### PROBLEM
Could you retype exactly the lines below between the one holding "Within the ReachMoreParents, Parent" and the one holding "- A man (possibly", inclusive, leaving out any pictures?

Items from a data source
-*-
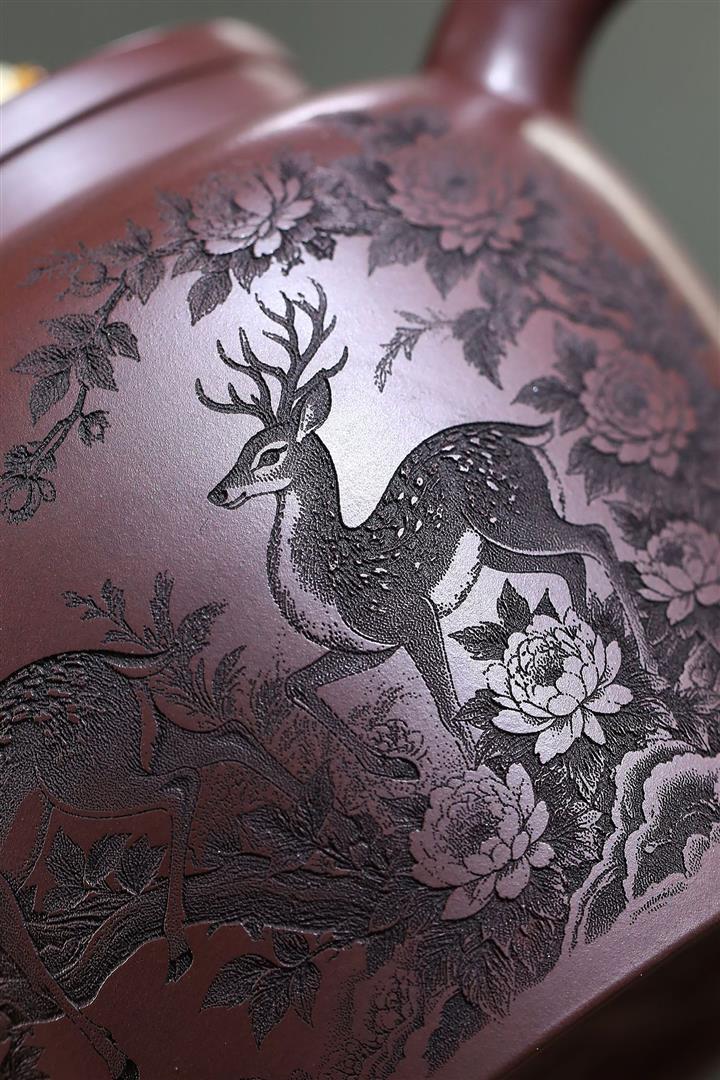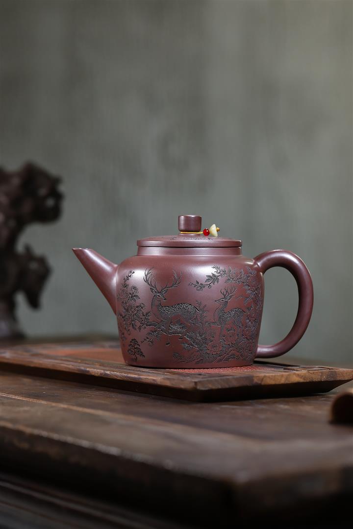 340cc原礦優質紫泥鹿鳴呈祥茶壺POT9590
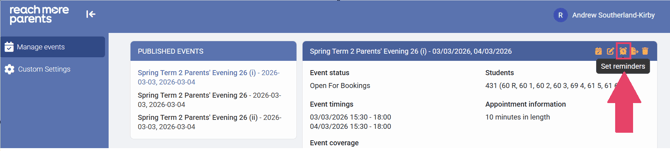 Within the ReachMoreParents, Parent Event Management System we have kept communications at the centre of what we do as per our core ethos. We have as a result made the Parent Event notification process as automated as possible from point of applying those settings against an event. If you haven't created a Parent Event yet, please follow this link and return here when you're ready to reconfigure the notifications when editing an event.
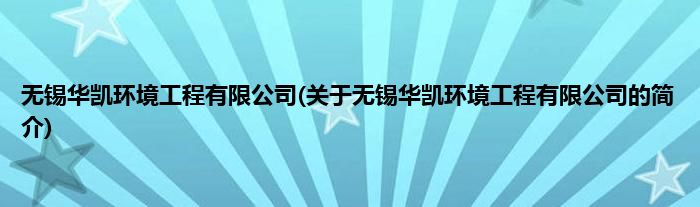 本文关于无锡华凯环境工程有限公司的简介就讲解完毕,希望对大家有所帮助。
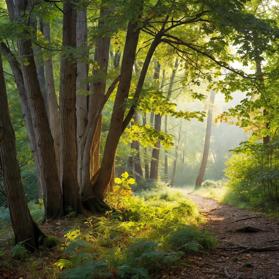 bark, canopy, dense forest, dirt path, ferns, foliage, forest path, golden light, green leaves, greenery, morning light, mossy ground, natural trail, nature, path, rays of light, serene forest, sunbeams, sunlight, tall trees, trail, tree trunks, trees, undergrowth, woodland, woods, forest
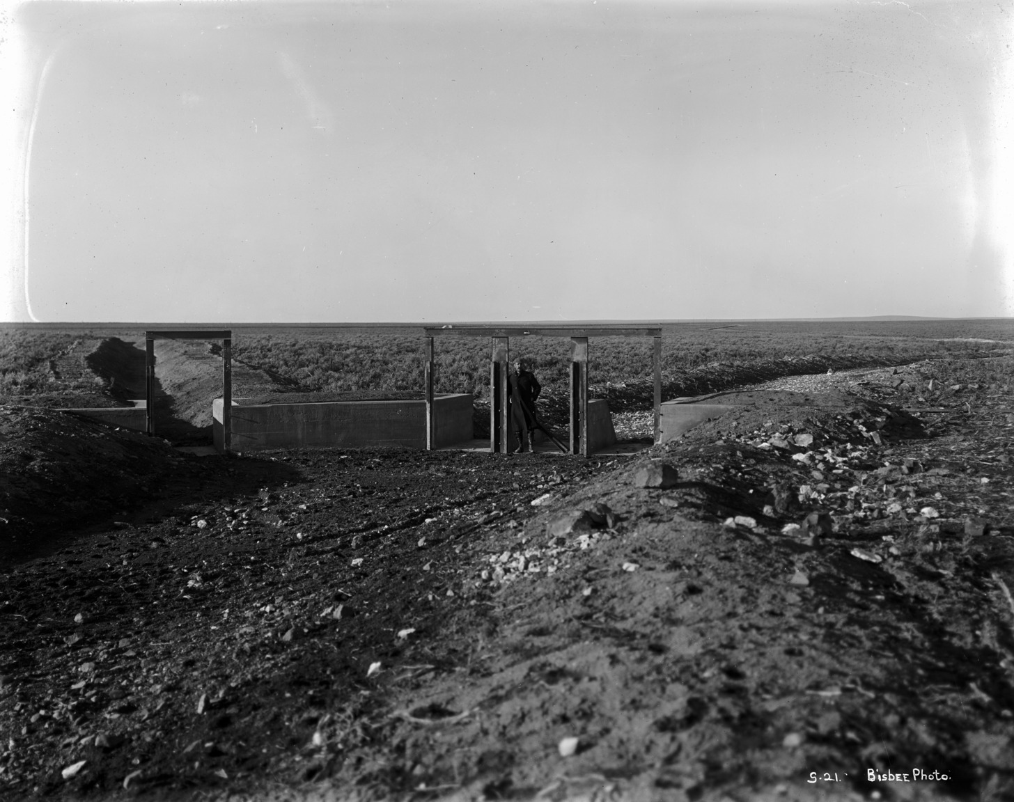 - A man (possibly Clarence Bisbee) stands beneath canal gates under construction.
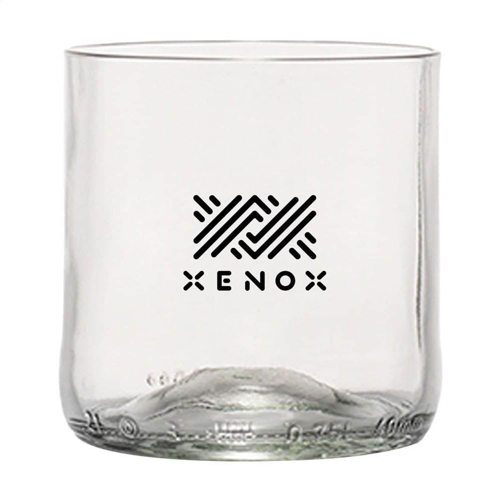 Een design drinkglas gemaakt van een geupcyclede wijnfles. Een uniek glas van het merk Rebottled®, waarin je direct de oorspronkelijke wijnfles herkent. Het glas ligt lekker in de hand en heeft een gladde afwerking. Van hoge kwaliteit en geschikt voor water, frisdrank of wijn. Dutch design. Vaatwasserbestendig tot 60C°. Voor behoud van de opdruk wordt met de hand afwassen aanbevolen. Per stuk geleverd in een originele geschenkverpakking van gerecycled FSC® gecertificeerd karton. Dutch design. Made in Holland. Inhoud ca. 175 ml. Bedrukking alleen mogelijk in de kleur zwart of wit. Rebottled® upcyclet lege wijnflessen tot 100% circulaire design items.
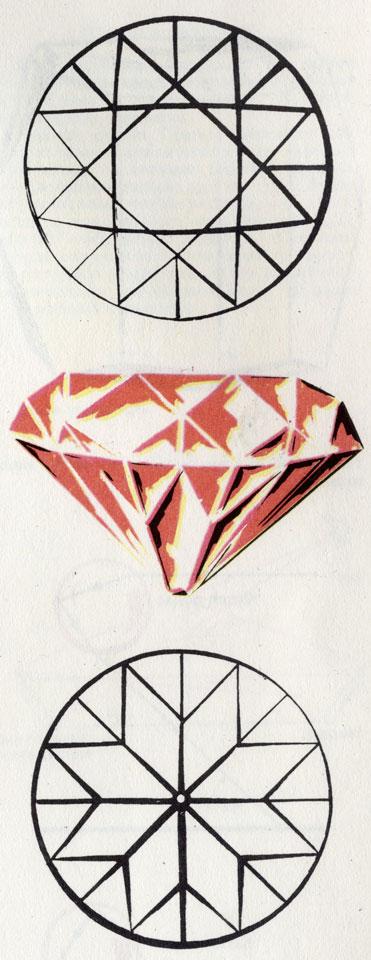 Если алмаз предназначается для украшений, для него выбирается чаще всего бриллиантовая огранка. У октаэдра с помощью тончайшего металлического диска, края которого армированы алмазным порошком, снимаются две противолежащие вершины. Верхняя часть так называемого «дикштейна» (толстотаблитчатой заготовки) должна составлять 1/3, а нижняя – 2/3 общей высоты камня. После этого камень заливается легкоплавким металлическим сплавом с таким расчетом, чтобы одна часть его оставалась свободной. Сплав помогает удерживать камень при обработке. Затем камни шлифуются металлическими дисками, покрытыми алмазным порошком.
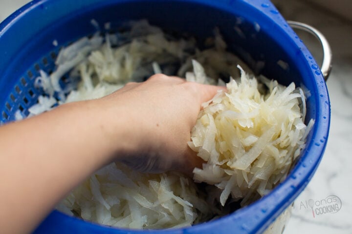 - Keep the potato shreds submerged under cold water until blanching in a pot. I’ll keep them in a large bowl they were shredded in. The potatoes can oxidize and turn brown if not covered in water.
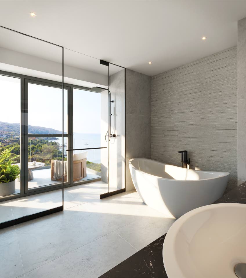 Natural materials — porcelain tiles, textured stone, and woven fibres — anchor the sleek geometry in a distinctly Jamaican sensibility. Interiors are bathed in light, softened by quartz finishes and bespoke metalwork detailing, while terraces extend as outdoor living rooms.
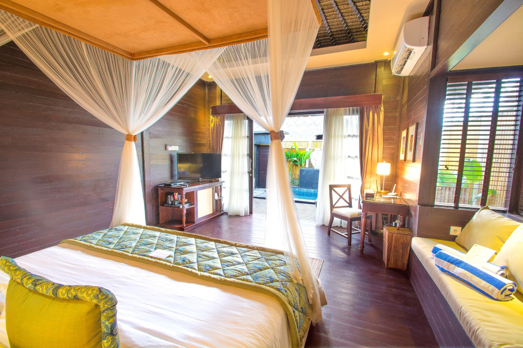 Номер уютно обставлен и оснащён необходимым, чтобы отдохнуть после долгого и насыщенного дня. Имеются DVD-плеер, душ, телевизор, мини-бар, халат и тапочки. Оснащение зависит от выбранной категории номера.
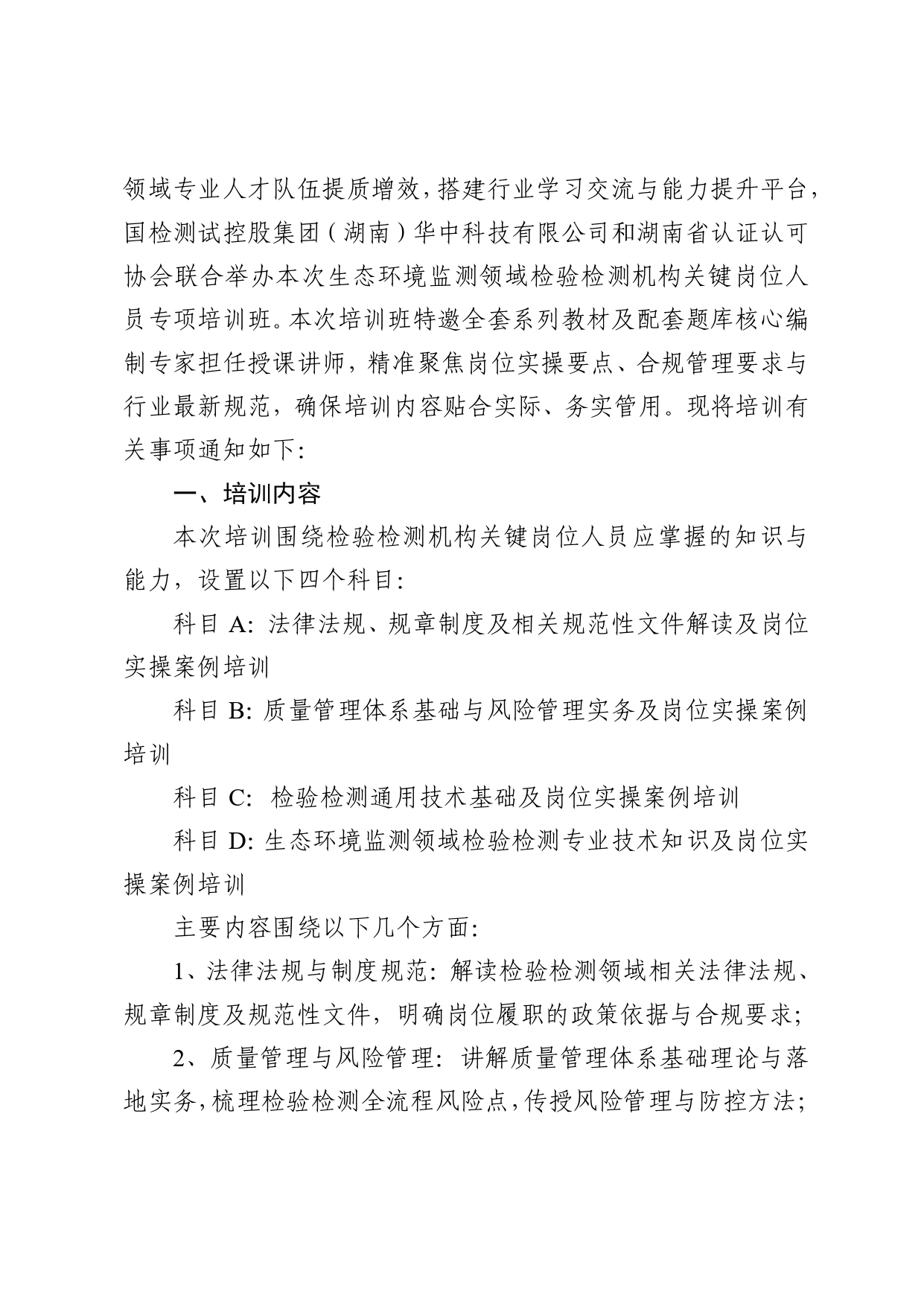 关于联合举办生态环境监测领域检验检测机构关键岗位人员培训班的通知
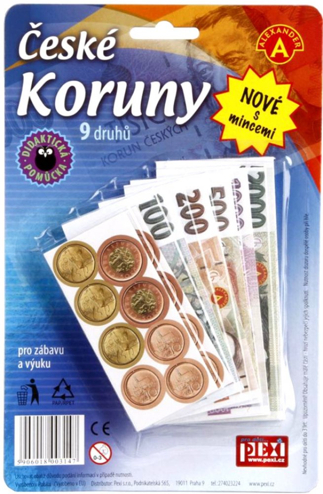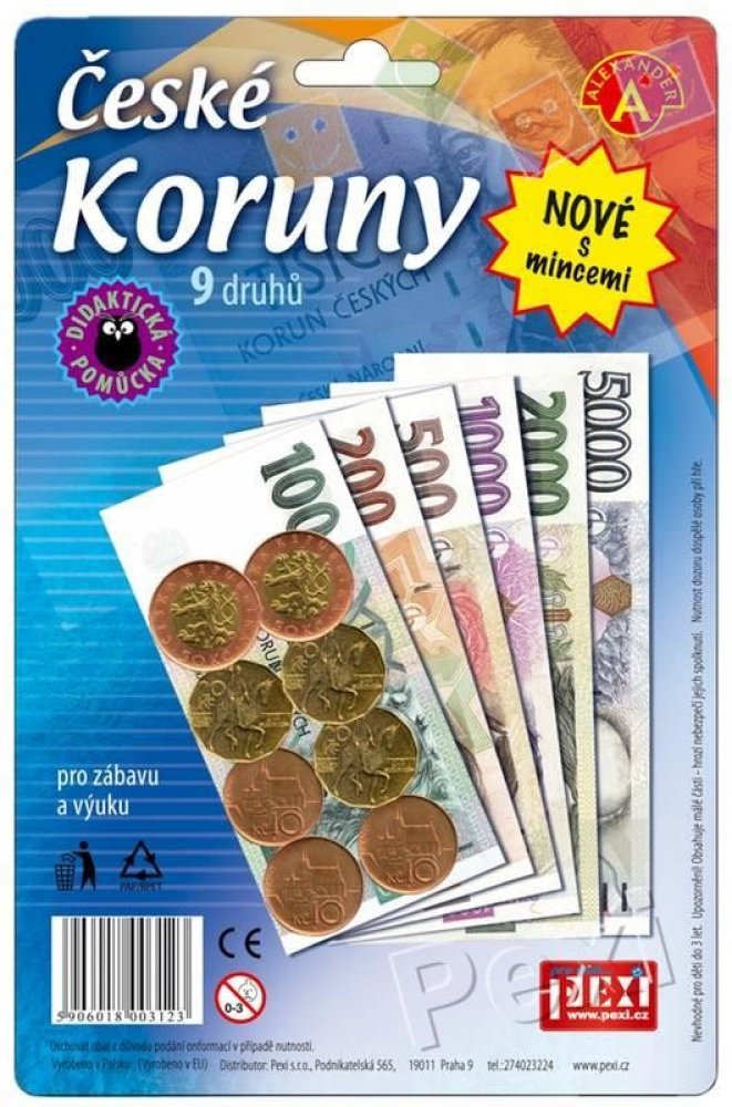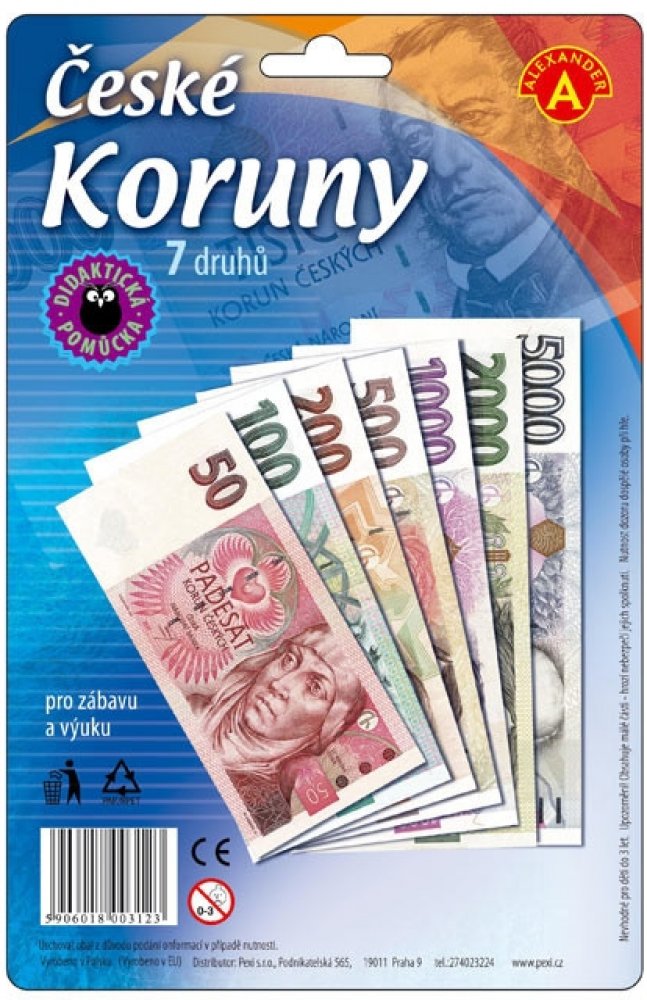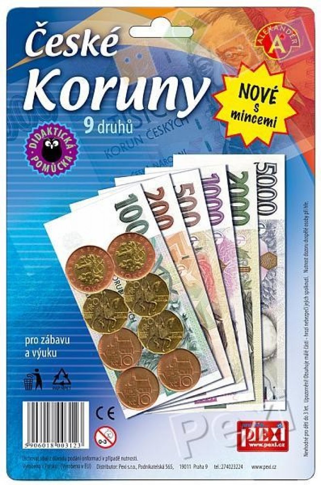 15450,v jednom balíčku! 119 velkých sytě barevných bankovek z EU. Vhodné k různým dětským hrám a jako naučná pomůcka. Seznam se s penězi, kterými se platí v evropskýh státech. Buď připraven až tato měna dorazí i do České republiky. Balení obsahuje: 119 bankovek (7 druhů) Firma Alexander vyrábí široký sortiment společenských her pro děti i dospělé a má více než 30-ti leté zkušenosti s jejich vývoje...
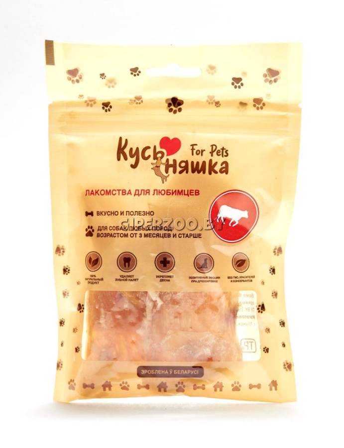 Кусьняшка Лакомство для собак становая жила говяжья очищенная, 75 гр – лакомство для собак всех пород возрастом старше 3-х лет и старше. Жила становая говяжья содержит много фосфора и кальция. Жила эффективно удаляет зубной налет у собак, является средством профилактики пародонтоза, гингивита и болезней ЖКТ собаки. Источник полноценных белков, витаминов, клетчатки, аминокислот и минеральных веществ.
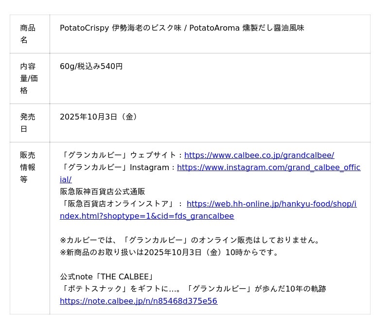 カルビー株式会社(本社:東京都千代田区、代表取締役社長兼CEO:江原 信)は、阪急うめだ本店(大阪府大阪市)で展開している“ギフトにしたいポテトスナック”を扱う「グランカルビー」より、新商品として『PotatoCrispy 伊勢海老のビスク味』『PotatoAroma 燻製だし醤油風味』を、2025年10月3日(金)から発売します。
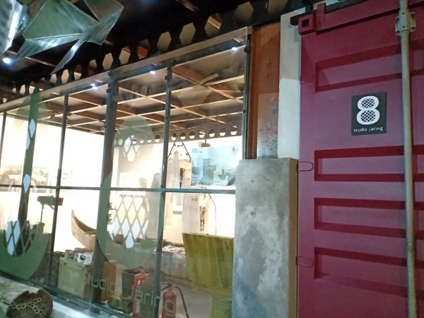 Artinya kami harus datang lagi! Sambil menunggu pesanan disiapkan, kami mampir ke galeri yang berada sehalaman dengan warung kopi. Nama galeri ini adalah Studio Jaring. Petang itu, ada beberapa lukisan menarik yang dipamerkan. Selain itu, pengunjung juga dapat membeli pernak-pernik di galeri ini.
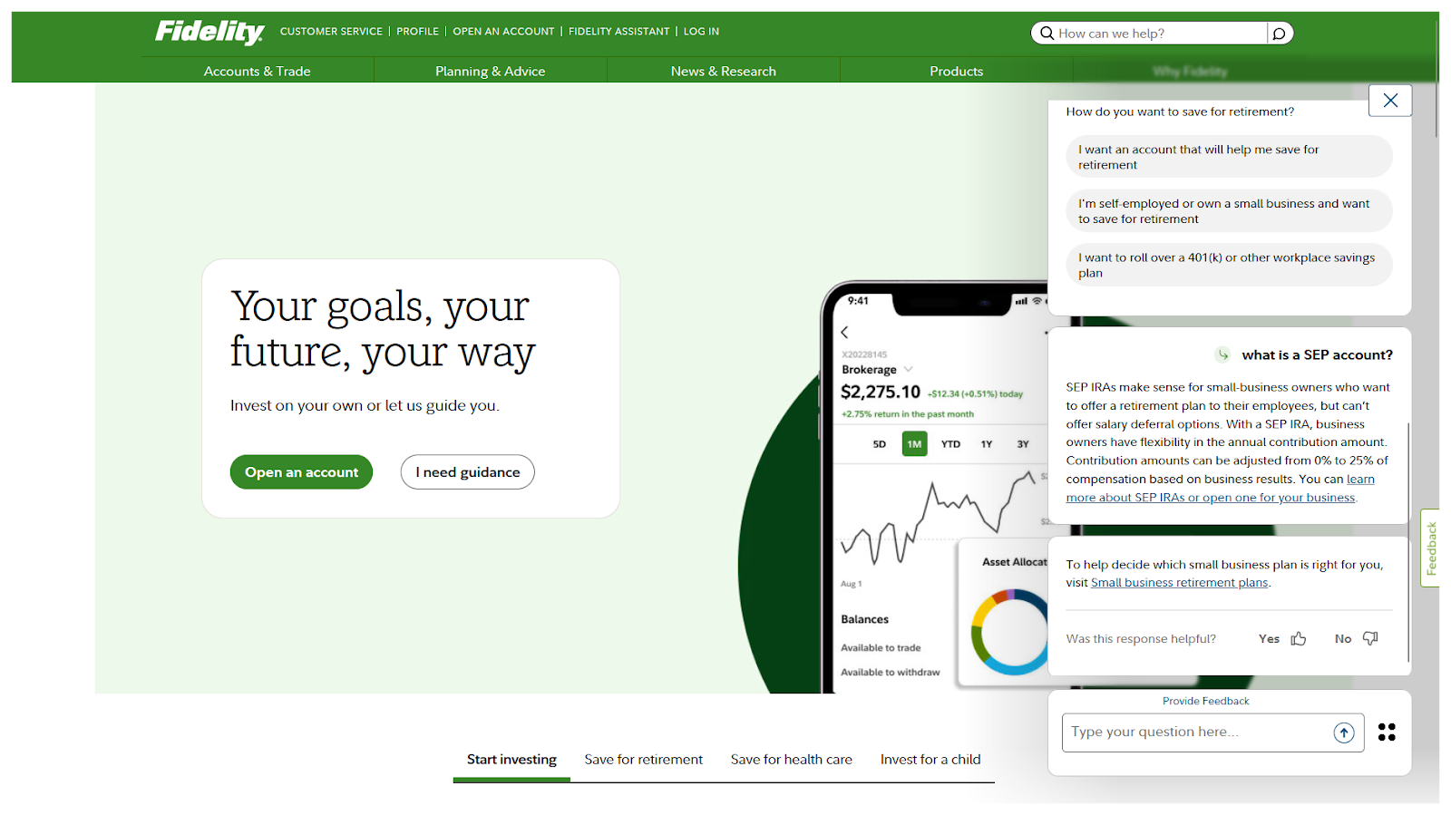 Fidelity puts its chatbot in the site’s main navigation, in one of the five prominent spots. Open it up and there’s a welcome message that explains how to use Fidelity Assistant as well as a few common opening questions. Everything makes sense right out of the gates and the design interface ensures that scanning through previous answers is much quicker than reading a single wall of text.
-*-
### SOLUTION TO THIS EXERCISE
 Within the ReachMoreParents, Parent Event Management System we have kept communications at the centre of what we do as per our core ethos. We have as a result made the Parent Event notification process as automated as possible from point of applying those settings against an event. If you haven't created a Parent Event yet, please follow this link and return here when you're ready to reconfigure the notifications when editing an event.
 本文关于无锡华凯环境工程有限公司的简介就讲解完毕,希望对大家有所帮助。
 bark, canopy, dense forest, dirt path, ferns, foliage, forest path, golden light, green leaves, greenery, morning light, mossy ground, natural trail, nature, path, rays of light, serene forest, sunbeams, sunlight, tall trees, trail, tree trunks, trees, undergrowth, woodland, woods, forest
 - A man (possibly Clarence Bisbee) stands beneath canal gates under construction.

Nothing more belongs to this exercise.